WHAT THE EXERCISE ASKS.
Your answer must be the exact lines below, starting with the line with "Here is the" and going on through the line with "Основу композиции составляет", both included, with no pictures.
══ RECORDS FOR PROCESSING
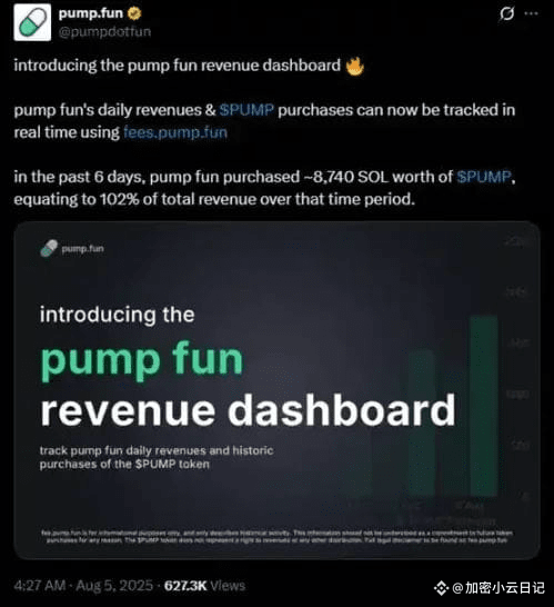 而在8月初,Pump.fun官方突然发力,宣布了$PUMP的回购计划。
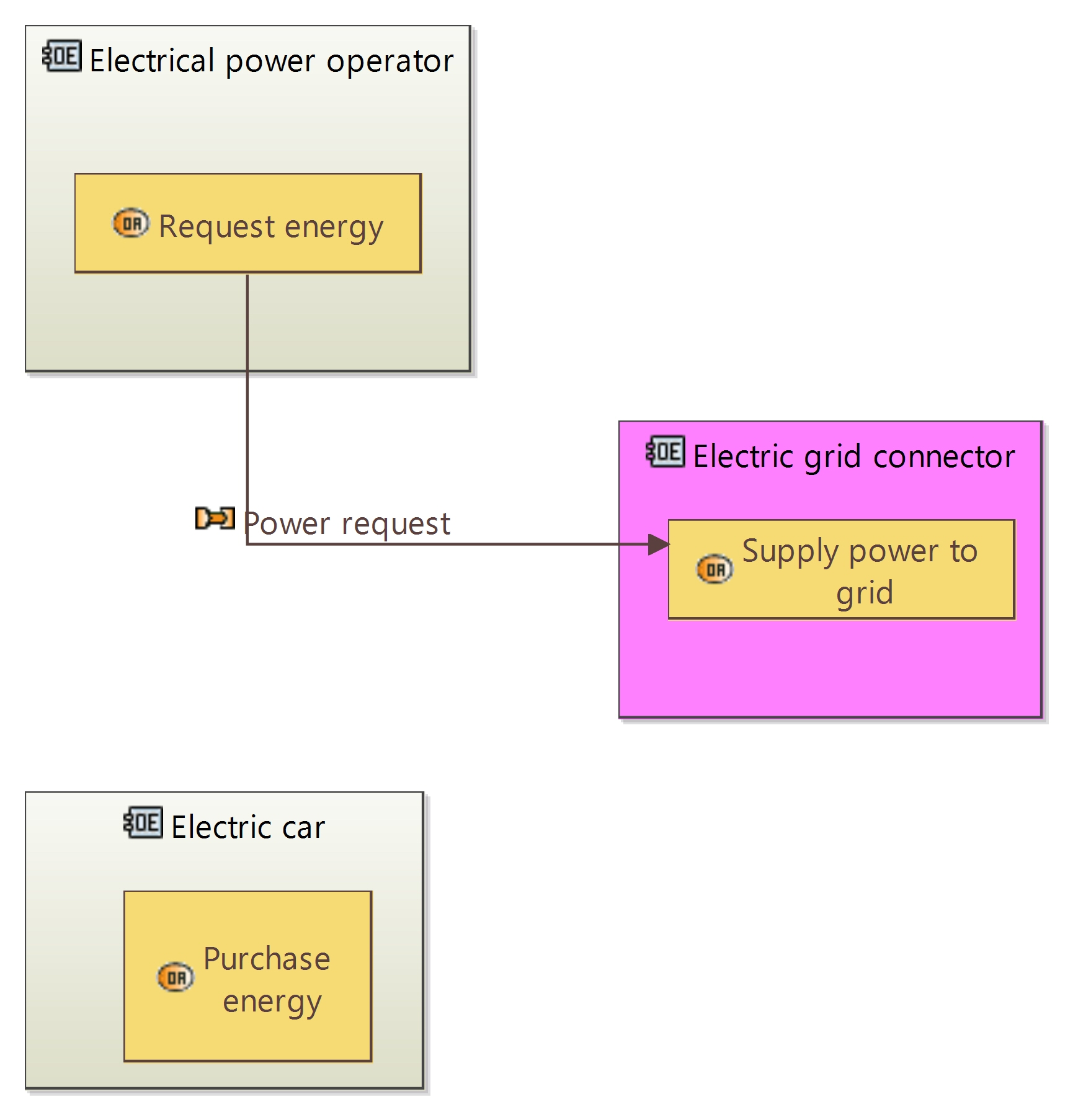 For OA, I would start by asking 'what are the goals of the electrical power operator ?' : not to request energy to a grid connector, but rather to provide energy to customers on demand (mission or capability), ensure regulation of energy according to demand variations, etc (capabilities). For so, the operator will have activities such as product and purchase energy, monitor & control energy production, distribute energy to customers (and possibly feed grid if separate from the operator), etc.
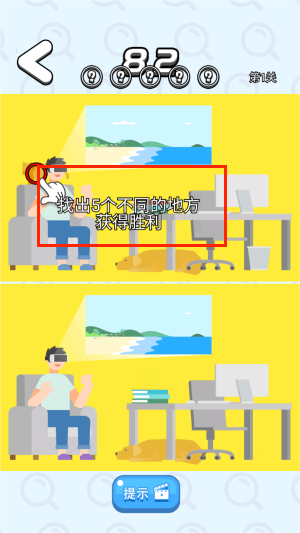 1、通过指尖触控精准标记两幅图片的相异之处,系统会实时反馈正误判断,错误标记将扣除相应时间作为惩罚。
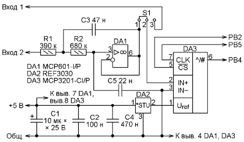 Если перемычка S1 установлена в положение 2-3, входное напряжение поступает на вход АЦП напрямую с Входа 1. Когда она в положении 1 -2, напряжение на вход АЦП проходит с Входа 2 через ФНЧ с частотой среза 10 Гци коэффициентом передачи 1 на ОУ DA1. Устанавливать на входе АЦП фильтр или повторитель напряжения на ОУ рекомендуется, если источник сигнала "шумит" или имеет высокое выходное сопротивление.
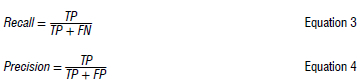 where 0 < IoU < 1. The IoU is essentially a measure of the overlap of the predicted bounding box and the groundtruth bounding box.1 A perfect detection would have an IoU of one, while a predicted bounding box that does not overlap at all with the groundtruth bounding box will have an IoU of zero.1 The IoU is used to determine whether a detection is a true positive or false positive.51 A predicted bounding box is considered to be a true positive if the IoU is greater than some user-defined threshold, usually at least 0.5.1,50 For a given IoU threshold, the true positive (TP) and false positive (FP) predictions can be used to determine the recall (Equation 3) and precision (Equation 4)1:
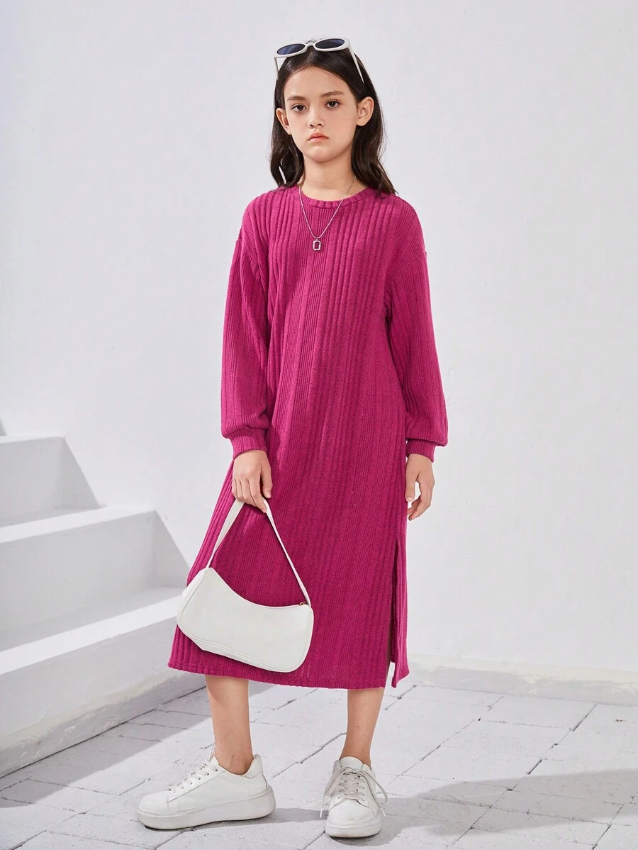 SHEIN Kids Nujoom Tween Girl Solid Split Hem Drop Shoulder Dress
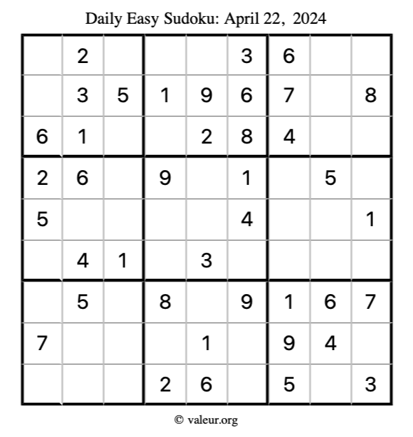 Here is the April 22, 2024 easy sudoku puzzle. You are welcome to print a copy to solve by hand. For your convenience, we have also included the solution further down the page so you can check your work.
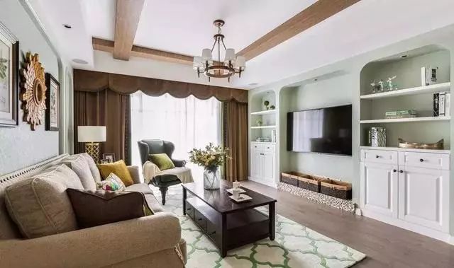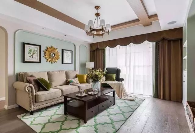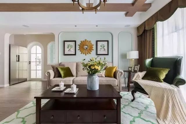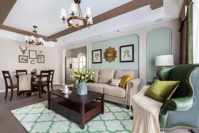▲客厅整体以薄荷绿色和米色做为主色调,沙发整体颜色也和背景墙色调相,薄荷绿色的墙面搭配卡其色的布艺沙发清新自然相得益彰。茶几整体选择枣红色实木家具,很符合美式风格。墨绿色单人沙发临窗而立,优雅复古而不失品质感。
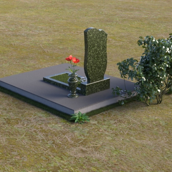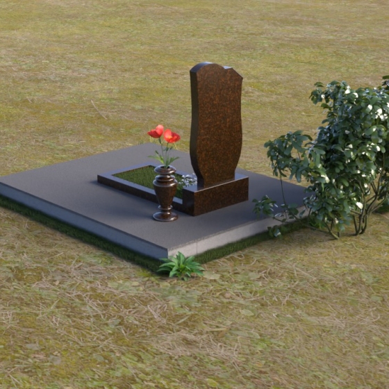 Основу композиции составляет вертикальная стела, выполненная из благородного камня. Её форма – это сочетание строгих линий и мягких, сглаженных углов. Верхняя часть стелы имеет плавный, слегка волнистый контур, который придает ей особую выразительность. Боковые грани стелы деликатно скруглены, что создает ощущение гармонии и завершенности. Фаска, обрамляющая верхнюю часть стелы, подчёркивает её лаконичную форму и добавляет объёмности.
════
══ RECORDS FOR PROCESSING
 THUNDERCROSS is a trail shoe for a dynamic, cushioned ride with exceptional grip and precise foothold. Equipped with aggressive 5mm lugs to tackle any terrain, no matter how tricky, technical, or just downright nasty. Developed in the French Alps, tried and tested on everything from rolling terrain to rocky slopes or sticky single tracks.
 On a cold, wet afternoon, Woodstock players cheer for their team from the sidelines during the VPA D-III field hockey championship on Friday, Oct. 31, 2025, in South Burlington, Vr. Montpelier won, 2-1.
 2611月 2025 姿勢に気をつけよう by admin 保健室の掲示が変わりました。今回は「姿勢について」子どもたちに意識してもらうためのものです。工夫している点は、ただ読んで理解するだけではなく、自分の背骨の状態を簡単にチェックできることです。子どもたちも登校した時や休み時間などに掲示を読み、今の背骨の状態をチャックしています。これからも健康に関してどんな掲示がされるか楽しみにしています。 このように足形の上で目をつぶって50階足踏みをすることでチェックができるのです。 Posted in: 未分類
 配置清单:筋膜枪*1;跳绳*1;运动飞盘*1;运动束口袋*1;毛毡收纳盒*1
════
RESPONSE.
 Here is the April 22, 2024 easy sudoku puzzle. You are welcome to print a copy to solve by hand. For your convenience, we have also included the solution further down the page so you can check your work.
▲客厅整体以薄荷绿色和米色做为主色调,沙发整体颜色也和背景墙色调相,薄荷绿色的墙面搭配卡其色的布艺沙发清新自然相得益彰。茶几整体选择枣红色实木家具,很符合美式风格。墨绿色单人沙发临窗而立,优雅复古而不失品质感。
 Основу композиции составляет вертикальная стела, выполненная из благородного камня. Её форма – это сочетание строгих линий и мягких, сглаженных углов. Верхняя часть стелы имеет плавный, слегка волнистый контур, который придает ей особую выразительность. Боковые грани стелы деликатно скруглены, что создает ощущение гармонии и завершенности. Фаска, обрамляющая верхнюю часть стелы, подчёркивает её лаконичную форму и добавляет объёмности.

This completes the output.